6 June (Part 1) - TfL. (Time frequently Lost)
There is some sort of competition going on in Abbey Wood, it’s between
Stannah Lifts and Transport for London to see which one can engineer the
greatest number of equipment failures in the shortest amount of time while
inconveniencing the greatest number of people.
I wish to announce that Sainsbury’s in Abbey Wood gets the booby prize. Whilst
they may have created many individual failures to their travelators and lifts
they have let themselves down by generally fixing them within 24 hours.
Transport for London (TfL) on the other hand has elevated inconvenience to a high art form by taking up
to two months to fix their constant traffic light failures.
The pedestrian crossing pictured here is no longer very useful as there is no
footpath on the left of the Harrow Manorway flyover. It is due to be placed
elsewhere when the new station opens. Meanwhile it is of use only to Crossrail
contractors going to and from work.
It fails regularly. Today it was allowing three or four vehicles to pass before
going red again. My wrist watch has broken so I could only count out the seconds
between successive reds, about 45 by my reckoning.
The chaos was widespread but maybe not the cause of the gridlock which gripped
much of the North of the borough today. I came out of the optician in
Bexleyheath at three o’clock (the till receipt says 15:01), went into Carphone
Warehouse, hung around for maybe ten minutes to see if anyone was interested in
taking my money, they weren’t, and then wandered off to the bus stop via the
Argos catalogue, a minute or two at most, to find it saying that a 229 was due in five minutes.

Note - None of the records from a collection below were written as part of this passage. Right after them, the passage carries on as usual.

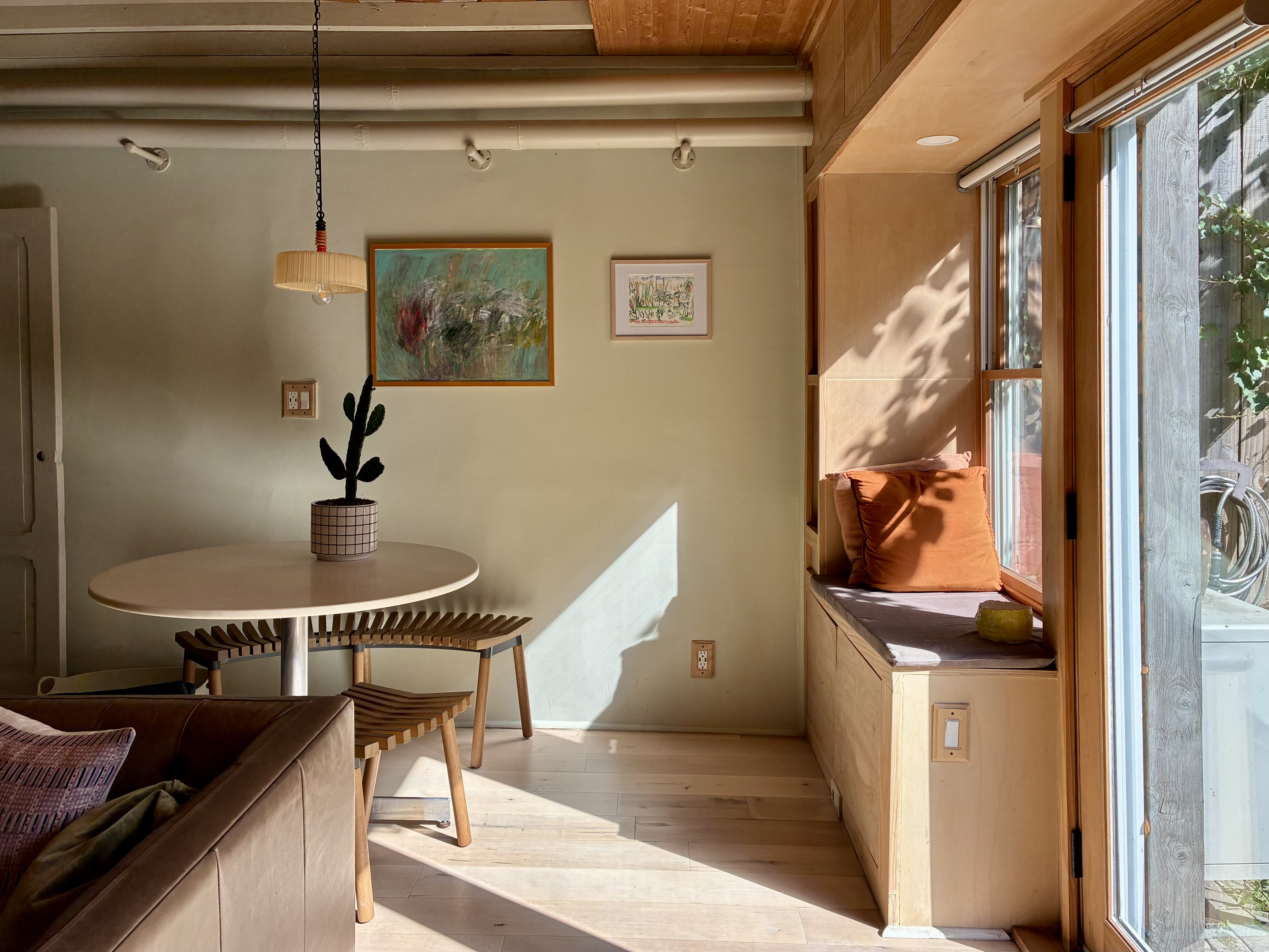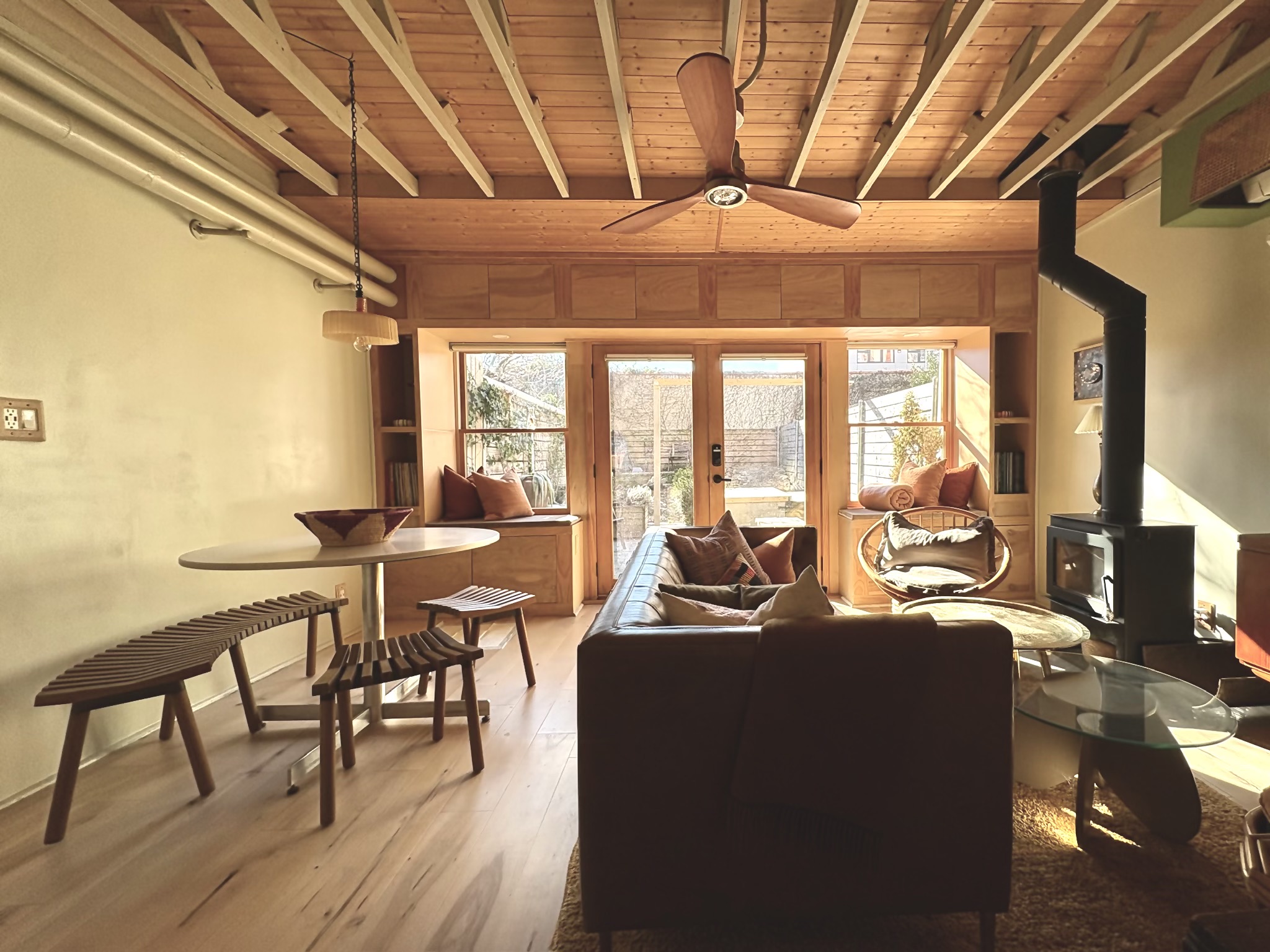 The back of the house faces directly South and gets beautiful natural light throughout the day through a large window. The amount of light can be controlled with the pocket doors that separate the North Parlor from the South Parlor, and the light that comes in through that windows in the North Parlor can be blocked out with the drop-down backdrop that is mounted on the ceiling.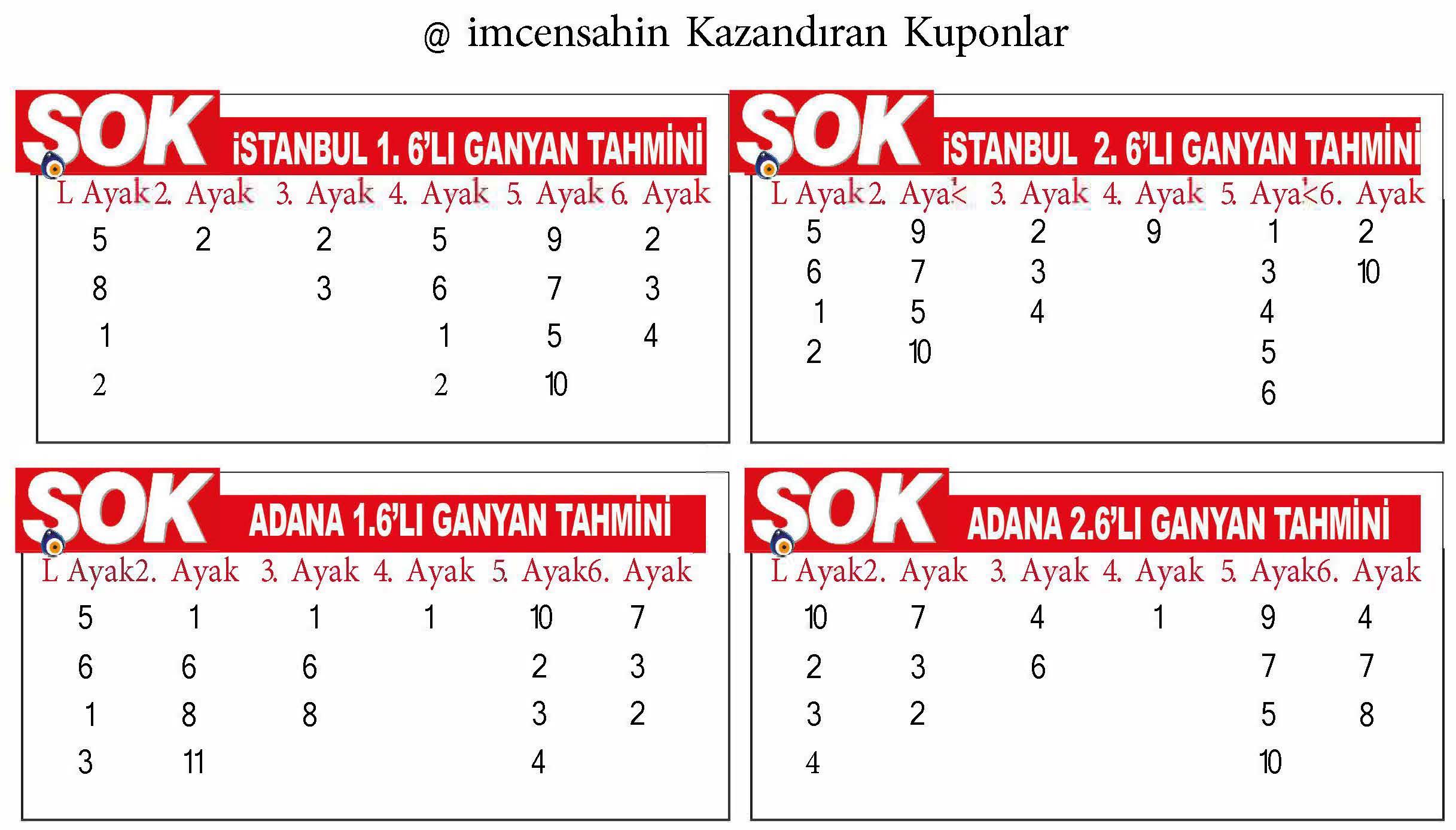 İstanbul'da bu pist ve mesafede katıldığı son koşusunda 54.5kg ile 1.24.32 derece yapan 6 numara KAZIM HAN 50kg çıkacağı koşuda favorim. 4 numara FLAYING JO, 5 numara TRUVA MEMET ve 2 numara ESATIM rakip olarak yazacağım isimler. Sıralamam; 6-4-5-2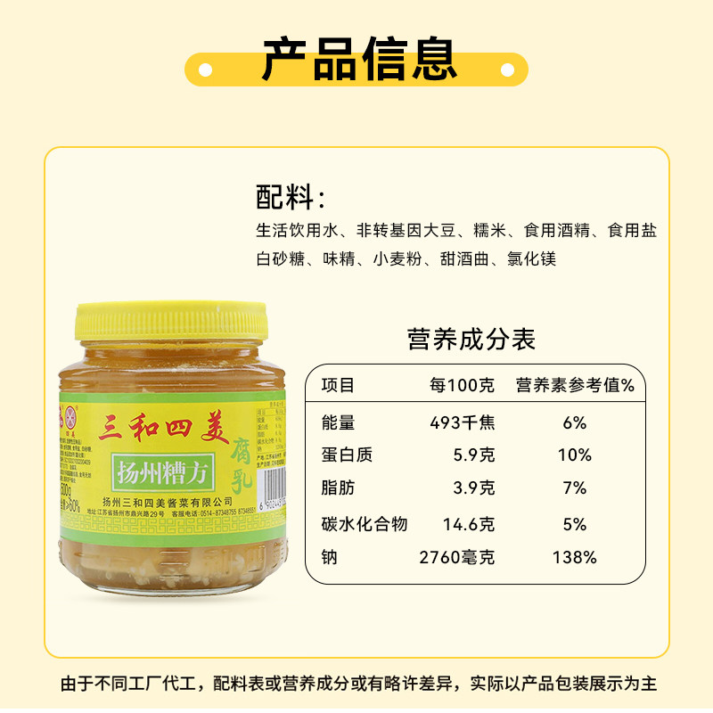 📚 三和四美糟方腐乳火锅蘸料红方腐乳下饭菜扬州特产瓶装下饭菜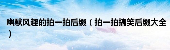 大家好,小安來為大家解答以上問題。幽默風趣的拍一拍后綴,拍一拍搞笑后綴大全很多人還不知道,現在讓我們一起來看看吧!

A generous time estimate might be that I was swept on to the bus by a tide of
schoolgirls at 15:35, it could well have been earlier.
By the time the bus crawled to Fraser Road it was part of a convoy of four 229s
of which mine was the third. The driver was instructed to terminate the service at Abbey Wood
even though the bus was still standing room only.
I couldn’t see the clock from my seat but when I got off at Lesnes Abbey the bus’s
digital clock said 16:52. So that was at least an hour and a quarter on a journey that
I have occasionally walked in as little as 50 minutes. As local readers will
know, the 229 does not take a direct route from Bexleyheath to Thamesmead. No buses do.
TfL fails Bexley daily,
will the 301 improve matters?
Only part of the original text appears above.